Additional information

This study (non GLP, based on OECD 417) was designed to assess the in vivo pharmacokinetic behaviour of the test substance via an in vitro to in vivo extrapolation (IVIVE) to help put into context the findings of toxicology studies carried out separately to this report. In vitro microsomal metabolic stability, plasma protein binding and Caco-2 permeability were determined, and the data used in the physiologically based pharmacokinetic (PBPK) model, Cloe PKTM, to simulate the predicted in vivo exposure in male and female rat at 30, 300 and 1000 mg/kg. Physical chemistry data including solubility, logP and pKa was used in the model and simulation.

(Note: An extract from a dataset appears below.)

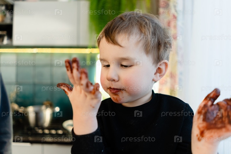 Трехлетний мальчик готовится лизать расплавленный шоколад из ладони. любопытные выражения после употребления сладостей против правил. концепция нездорового детского питания и риск аллергии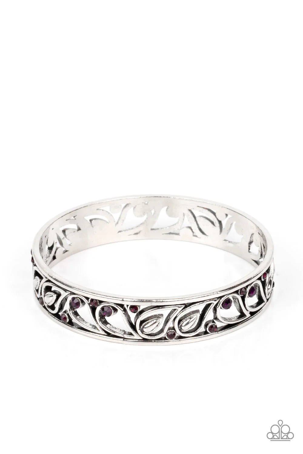 A dainty collection of glittery amethyst rhinestones are sprinkled across a collage of a paisley-inspired silver pattern that delicately coalesce into an airy bangle around the wrist, creating a shimmery seasonal centerpiece.

The microsomal clearance assay indicated that the intrinsic clearance of the test substance in male microsomes was high with a major proportion being attributed to CYP-mediated metabolism. Therefore, the major clearance mechanism for the test substance in the model is via metabolism. The plasma protein binding test indicated that the free fraction in plasma was approximately 16% in male rats and approximately 11% in female rats.The Caro-2 permeability in vitro test indicated thatpermeability across the intestinal wall would be expected in the in vivo situation. The test substance, when administered in vivo to male and female rats, is predicted to have a high fraction absorbed across the gastrointestinal tract following a dose of 30 mg/kg (approx. 100%) reducing to 39% following a dose of 1000 mg/kg. However, due to a hepatic first pass effect following oral administration this translates to a systemic oral bioavailability of 6.8 – 18% in male rats over this dose range. Due to metabolic intrinsic clearance being lower in female compared to male rats oral bioavailability in female rats was predicted to range from 31 – 79%.

In general in vivo the test substance would be expected to be a low (female) to moderate (male) clearance compound that distributed into tissues with a mean residence time in the body of around 1 - 5 hours.